US Debt: The Reason Why You Can’t Get Ahead

by Marvin Byrd – LPC, December 2019

Ever wonder why no matter how hard you work it feels impossible to get ahead? People will tell you, it is all up to you, that it’s because of your spending habits, and lack of hard work and sacrifice. This, of course, is true, but the environment that we live in today is fundamentally different than it was in the 70’s, it is exponentially more difficult. People in the 70’s could expect to purchase a home in California for 2-3 times their annual income. Not only that, but they were often still raising a nuclear family with two kids on that same one income. Like my father, they were doing it on jobs that didn’t require an education, such as working in a grocery store. That reality is gone and here is what happened.

In November of 1980, there was just less than $1 trillion in US national debt. The M2 money supply, which is generally regarded as the total amount of US dollars in circulation, was about 1.6 trillion. This can be seen on After severing all ties to an actual commodity, gold, we realized we could borrow as much as we wanted. We did so through 30-year bonds. This meant the people at that time were able to enjoy the fallout of the wealth immediately, while the taxpayer 30 years in the future would carry the debt. Through the use of something called fractional banking, and the federal reserve creating all wealth out of debt through US bonds, the debt began to grow faster than the M2 money supply. Now we have approximately $23 trillion in debt and only $15 trillion in the M2 money supply. This means that there is more debt in existence than money!

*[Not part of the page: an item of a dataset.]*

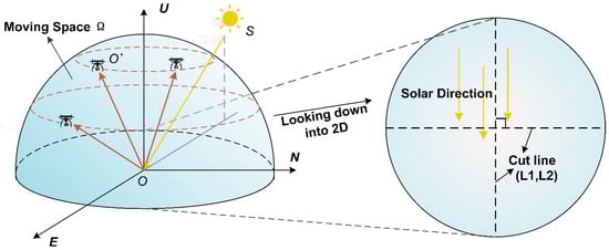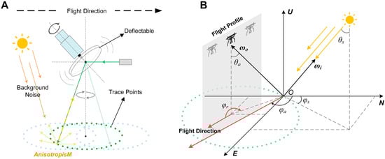 As shown in Figure 2B, taking the measurement point  as the origin, an NEU (north–east–up) coordinate system  is established. Suppose a platform equipped with a laser performs measurement operations at a certain flight altitude along the heading  at a certain time . The latitude and longitude of the measurement area are approximately  and . Since the distance between the sun and the earth is much greater than the measurement distance, on the premise that the measurement range does not change significantly, the azimuth and zenith angle of the sun can be approximately regarded as constants. Taking advantage of the stability of celestial motion, Reda et al. derived a set of models []. By providing only the observation position and observation time, the azimuth  and zenith angle  of the sun can be calculated (with an accuracy of ±0.0003°). Therefore, when the measurement position and time are known, the sun direction vector  can be approximately expressed as

So what? All of this debt has to be carried by someone, and it is. Through a system called fractional banking, this national debt gets turned into personal debt as it enters circulation. It is carried by all the people struggling with their student loans, all the people struggling with credit card debt, car loans, medical debt, tax debt, and any other type of debt. This means that while there might be more money in circulation there is exponentially more debt. This ratio creates scarcity and is a form of economic slavery as mathematically more people are required to be in even more debt. To further compound this problem, people who earned equity in a time where this ratio was more favorable often have that equity tied up in real property, stocks, and other things that are secure against inflation. This is a major reason why in California in the 70’s you could reasonably by a home for 2-3 times your annual income, and now it is 6 times or more.

The only force that balances this out is inflation. But with people creating mechanisms to secure their wealth against inflation and US bonds being designed to shield against inflation, this means that the problem can only grow at an exponential rate. Because US bondholders get to be repaid with inflation taken into consideration the amount of that liability will start to skyrocket at the rate we are spending. If we aren’t able to get our spending under control, the most likely scenario is a USSR style economic collapse, where there will be money to go around, but you need a wheelbarrow full of it to buy a loaf of bread. As Ron Paul points out, inflation is the hidden tax.

The libertarian party is the only truly fiscally conservative party and wants to minimize government spending. We understand that it is unethical to burden future generations with debt they did not earn. We support any policies which restrict government spending to a minimum necessary level. In a Senate hearing on October 30th, there was a bi-partisan conversation between Republicans Rand Paul and Cathy McMorris Rodgers, and Democrat Margaret C. Hassan as well as others about “zombie programs”. After a little research, they found $300 billion in annual spending from 1000 programs that are no longer authorized yet continue to get funding! Many of these programs are ones that people have simply forgotten about and are likely no longer are as relevant as they might have been in the 70’s when they were created. Examples of spending where authorization has elapsed was the Inter-American foundation that was created in the 60’s and last authorized in the 70’s. In the hearing, they cited examples of where money was being spent in these zombie programs, including a clown college in Argentina, providing welfare in Brazil, and funding the Haitian film industry. The full hearing can be seen here: In times of debt crisis, these types of programs are wasting money abroad that would certainly be more useful back home where so many people are struggling financially.